1.2. Plus significative est la rencontre qu'on peut faire au détour des
notes et bibliographies d'un nom qu'on avait peu l'habitude de lire en ces
lieux, celui de G. Guillaume. G. Guillaume dans Communications, G.
Guillaume dans Langages, rencontre de la linguistique guillaumienne et de
celles qui ne le sont pas? Quelle parenté y aurait-il alors entre la
psychosystématique et les méthodes et théories de ces dernières années?

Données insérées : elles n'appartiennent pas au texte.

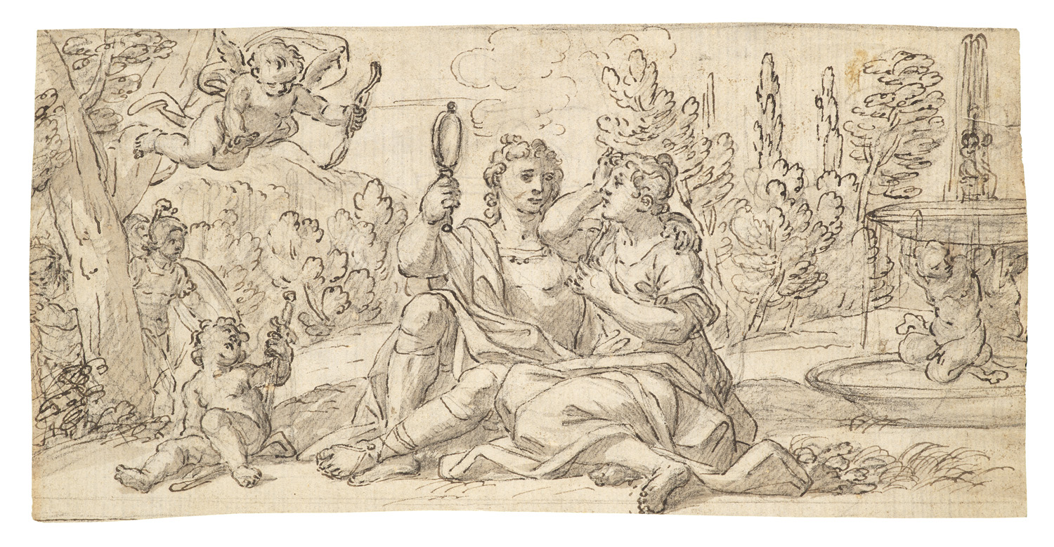 Rinaldo und Armida. 2. Hälfte 17. Jh. Feder in Braun über Bleistift auf Bütten (mit nicht identifizierbarem WZ mit Stern). 13 x 26,5 cm. Verso betitelt "Rinaldo Armida" sowie bezeichnet "Navaretta inv.". - Die seitlichen Ränder leicht unregelmäßig beschnitten, rechts mit einem Randeinriss (ca. 1,5 cm). Punktuell wenige, schwache braune Flecken. Verso mit Spuren der ehemaligen Montierung. Insgesamt gut. Liebliche Szene mit skizzenhaftem und illustrativem Charakter.

Répondre à cette question c'est impliquer qu'il importe moins, dans
une première tentative pour situer la psychosystématique dans une
perspective historique, de dire que la démarche de G. Guillaume fut à l'opposé de
celle de Damourette et Pichon, combien la psychosystématique est éloignée
de la linguistique psychologique de Van Ginneken, quels liens il existe
entre Humboldt, Saussure, Meillet2 et Guillaume, que de montrer, ce
qui est plus utile et plus vrai, que la psychomécanique du langage a
partie liée avec l'avenir de la linguistique.
2.1. Aux « linguistes enclins à prendre hardiment les routes de l'avenir »
(1952, p. 250) 3, G. propose l'aphorisme suivant : « Le mouvement se

1. Langage et Science du langage, Nizet et Presses de l'Université Laval, 1964.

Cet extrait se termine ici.